Note, in the implementation below, the calculations of the conditional covariance are commented out, for speed, but they can easily be added back in.
dstpN <- distMatrix(spred, input$s)
dstpp <- unname(as.matrix(dist(spred)))
constants <- list(N = N, p = p, ones = rep(1,N+p), dstNN = input$dst, dstpN = dstpN, dstpp = dstpp)
data <- list(z = input$z)
inits <- list(mu = 0, tau = 1, sigma = 1, psi = 1)
Again, in this code, we don’t generate realizations of \(Z^{*}\), nor the conditional covariance. We only generate the mean at each prediction point, \(\mu\), or meanpred
below.
But, commenting in the 2nd and 3rd to last lines would generate the conditional covariance (\(\Omega\), or Cpred
), and the final line would generate realizations of the predictive response. Adding either of these will slow things down, of course.
code_GPpred2 <- nimbleCode({
mu ~ dnorm(0, sd = 10000)
tau ~ dunif(0, 10000)
sigma ~ dunif(0, 10000)
psi ~ dunif(0, 10000)
mean[1:(N+p)] <- ones[1:(N+p)] * mu
C[1:N,1:N] <- isoExpCov(dstNN[1:N,1:N], tau, sigma, psi)
z[1:N] ~ dmnorm(mean[1:N], cov = C[1:N,1:N])
CpN[1:p,1:N] <- isoExpCov(dstpN[1:p,1:N], tau, sigma, psi, mainDiag = 0)
regc[1:p,1:N] <- CpN[1:p,1:N] %*% inverse(C[1:N,1:N])
meanpred[1:p] <- asCol(mean[(N+1):(N+p)]) + regc[1:p,1:N] %*% (z[1:N]-mean[1:N])
##Cpp[1:p,1:p] <- isoExpCov(dstpp[1:p,1:p], tau, sigma, psi)
##Cpred[1:p,1:p] <- Cpp[1:p,1:p] - regc[1:p,1:N] %*% t(CpN[1:p,1:N])

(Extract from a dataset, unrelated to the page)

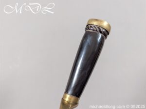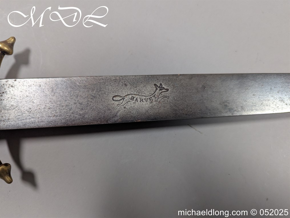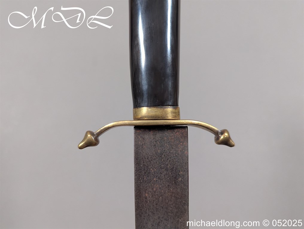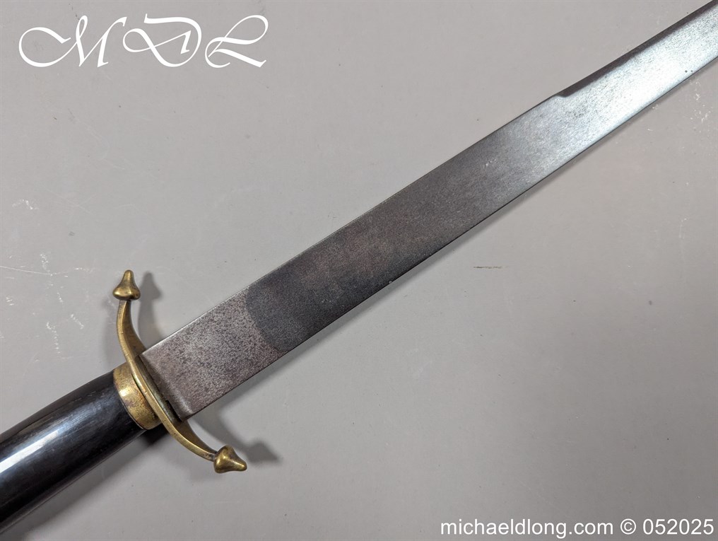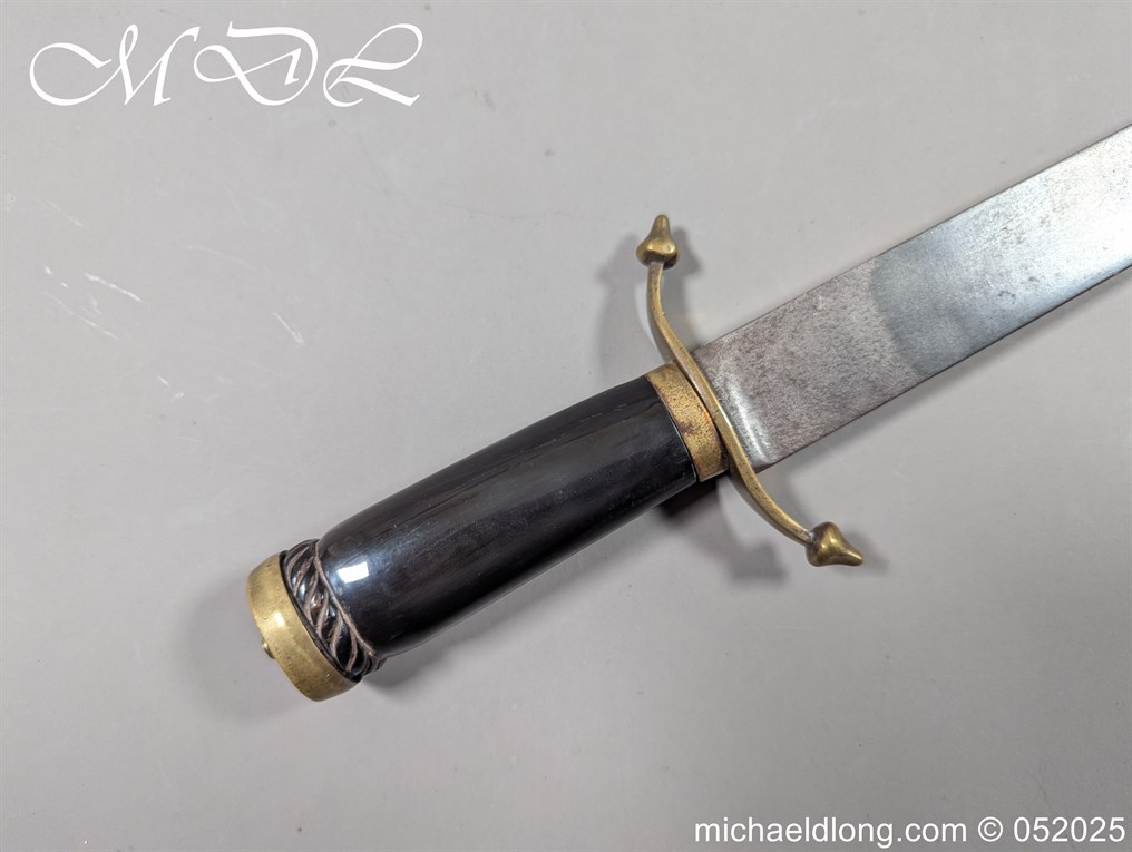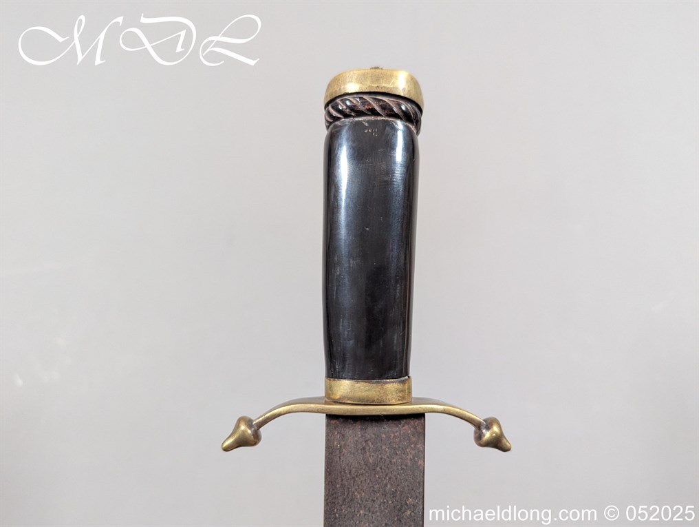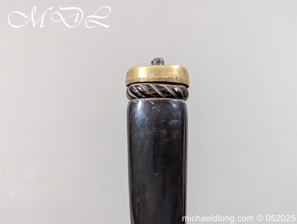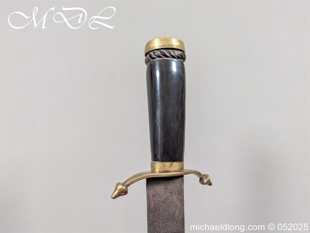 English Officers 18th Century Sidearm possibly naval with horn grip with worked rope design to top. The pommel raised tang and cross section with red leather insert, please note this has been replaced and down turned cross guard with acorn finials. The blade marker marked Havey which is repeated on the spine, single edged becoming double for the last 8 inches to the point. Overall length 21 inches – 53cm the blade 16.5 inches – 42cm

##zpred[1:p] ~ dmnorm(meanpred[1:p], cov = Cpred[1:p,1:p])
})
niter <- 2000
t <- system.time(
samples <- nimbleMCMC(code_GPpred2, constants, data, inits,
monitors = c('mu','tau','sigma','psi','meanpred'),
niter = niter, setSeed = TRUE, progressBar = TRUE)
)
Runs quite fast! Especially (I’d say) for \(p=2500\) prediction points.
t
## user system elapsed
## 47.060 0.933 48.178
samplesSummary(samples[,c('mu','tau','sigma','psi')])
## Mean Median St.Dev. 95%CI_low 95%CI_upp
## mu -0.2460074 0.4161332 23.5824609 -67.16528157 45.720378
## tau 0.4775732 0.4372196 0.2919318 0.02565801 1.089049
## sigma 19.9994987 13.0567899 15.9771950 2.32237761 50.767192
## psi 2626.5520763 729.1386029 3168.5838565 16.05516215 9539.508020
Finally, we’ll look at a plot of the observed locations (large circles), and the posterior prediction mean on the grid of prediction locations.
postMean <- apply(samples, 2, mean)
meanpred <- unname(postMean[grep('meanpred', names(postMean), value = TRUE)])
ggplot(data.frame(s1 = input$s[,1], s2 = input$s[,2], z = input$z),
aes(x = s1, y = s2, color = z)) +
coord_fixed() + theme_bw() + scale_color_gradientn(colors = brewer.pal(9, 'Spectral')) +
geom_point(size = 3) +
geom_point(data = data.frame(s1 = spred[,1], s2 = spred[,2], z = meanpred), shape = 4)
Looks good!
And, I think all of this is done as efficiently as possible. No extra calculations going on anywhere, I don’t believe.